Posts filed under ‘Profilaxis Pre-Exposición’

Human Rabies — Virginia, 2017

MMWR January 4, 2019  V.67 N.5152 P.1410–1414

Julia Murphy, DVM1; Costi D. Sifri, MD2; Rhonda Pruitt3; Marcia Hornberger4; Denise Bonds4; Jesse Blanton, DrPH5; James Ellison, PhD5; R. Elaine Cagnina2; Kyle B. Enfield2; Miriam Shiferaw, MD5; Crystal Gigante, PhD5; Edgar Condori5; Karen Gruszynski, PhD1,6; Ryan M. Wallace, DVM5

On May 9, 2017, the Virginia Department of Health was notified regarding a patient with suspected rabies.

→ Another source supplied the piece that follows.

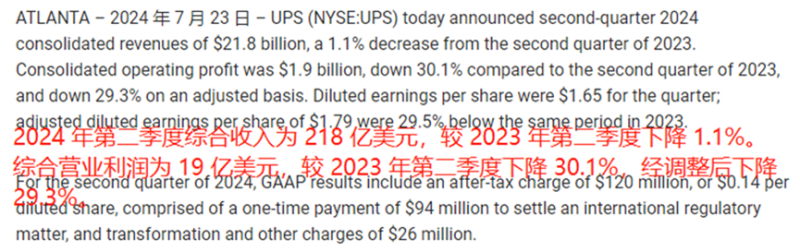 UPS(聯(lián)合包裹)今年以來的業(yè)績表現(xiàn)也不太樂觀。財(cái)報(bào)顯示,2024年第二季度UPS綜合收入為218億美元,同比下降了1.1%;綜合營業(yè)利潤跌得更加明顯,同比下降了30.1%,金額為19億美元。

The patient had sustained a dog bite 6 weeks before symptom onset while traveling in India.

On May 11, CDC confirmed that the patient was infected with a rabies virus that circulates in dogs in India.

Despite aggressive treatment, the patient died, becoming the ninth person exposed to rabies abroad who has died from rabies in the United States since 2008.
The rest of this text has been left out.